Doing work asynchronously in web apps
Web apps are meant to respond quickly
Web apps are supposed to respond quickly to browser requests. The request/response cycle, at least in our model, is meant to be fast, a matter of a few seconds, or better yet a fraction of a second.
For that reason we set a 5-minute timeout on all web workers. If they can't respond to a request in under that time, they're assume to have accidentally hung, and are restarted.
But what if I want to do some heavy processing?
But you might legitimately have some "slow" work you want to do in response to a user request. You may be doing some number-crunching, or wanting to pull down lots of data from third party services, and collate it for the user.
The Async solution: a task queue
The solution is to use some sort of task queue, and complete the work asynchronously. If you're using Django, a good solution might be to use the Django Background Tasks module, which does a lot of this for you.
Here's a high-level overview of what a solution could look like (everyone's requirements are different, so adapt this to your own neeeds):
register the user's request for work somewhere by storing the details of the request somewhere, eg on the filesystem, or in a table in your database
respond immediately to the user and let them know the request is now in state "pending"
set up an Always-on task (if you have a paid account). You can use a Scheduled task instead, if you don't have a paid account, but your queue will only be processed when the scheduled task is scheduled. The job of the task is to monitor your task queue (eg the database), and pick jobs off one by one. Include some code to update the job status (eg, pending, under way, complete...)

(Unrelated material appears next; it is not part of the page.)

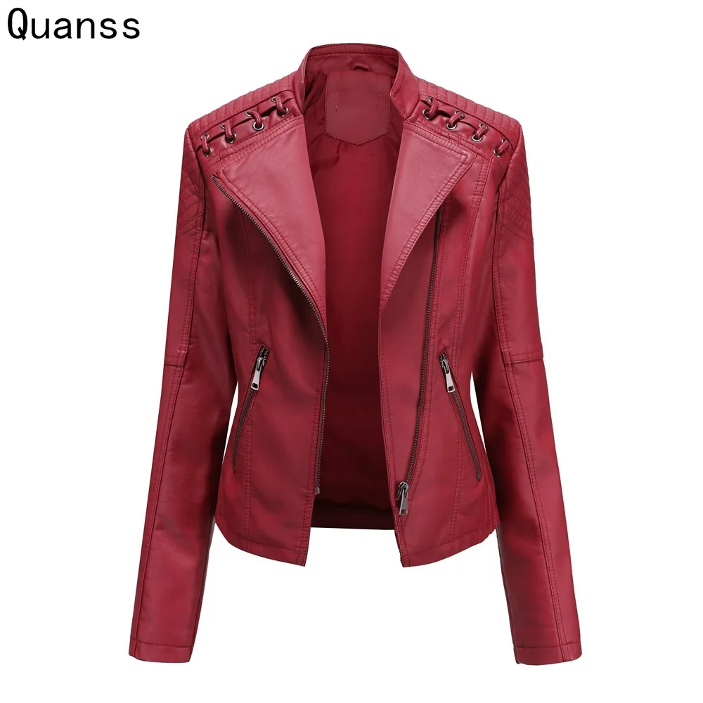 Куртка Quanss женская из искусственной кожи, модный Байкерский короткий пиджак из искусственной кожи, роскошная Повседневная Верхняя одежда, весна-осень 2021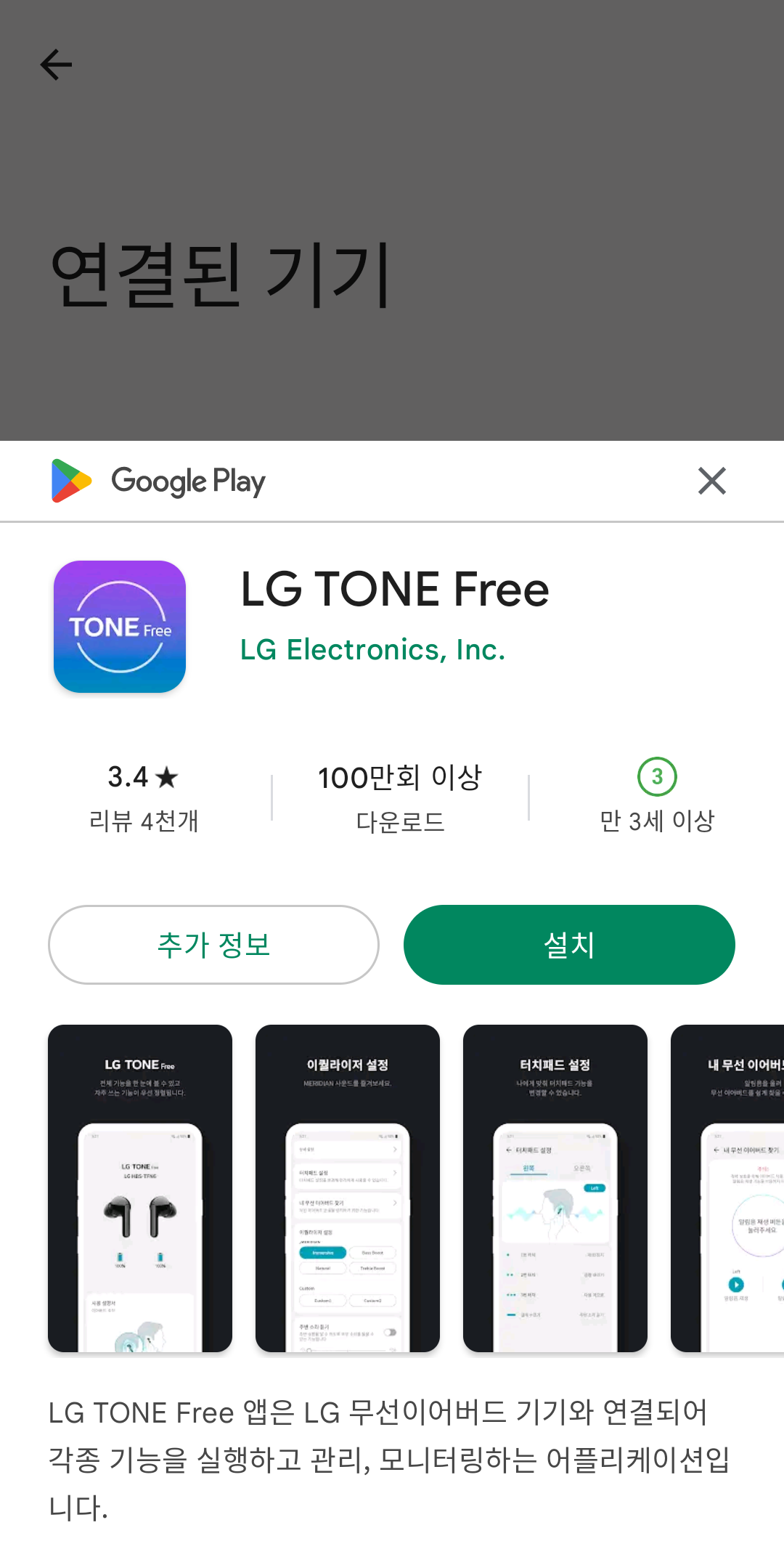 구글 인증을 받은 제품답게, 아이폰에 에어팟 연결할때처럼 케이스 뚜껑을 열면 휴대폰에 바로 연결 안내 팝업창이 뜬다. 팝업창이 떴을때 연결하는걸 놓쳤더라도 블루투스 설정에 들어가면 맨 상단에 빠른 페어링 옵션과 전용 어플 다운로드 링크가 떠있을거다.

give the user a way of checking on the progress of the job, either by asking them to refresh the page, or perhaps setting up an Ajax polling system.
See our help page on always-on tasks for information on how to set one up to do your async work.
Don't jump to using async too quickly
It's easy to take this too far. If all you're doing is wanting to send the user an email, say, then just doing it synchronously in the request is probably fine. A task queue is probably premature optimization at this point, and if you have performance concerns, you should see how far you can scale by just adding web workers.
A rule of thumb might be: if your work is taking more than 30 seconds, it's worth thinking about a task queue.
Can I use celery? -- at the moment the answer is no. We're working on it.
Can I just use threads? -- we don't support threads in web apps, no
What about using a subprocess / multiprocessing? -- although you can kick off subprocesses from web apps, we don't recommend it. Any subprocesses that seem to be hanging around longer than a single request/response cycle are assumed to be orphan processes by the system, and are liable to get killed at unpredictable times.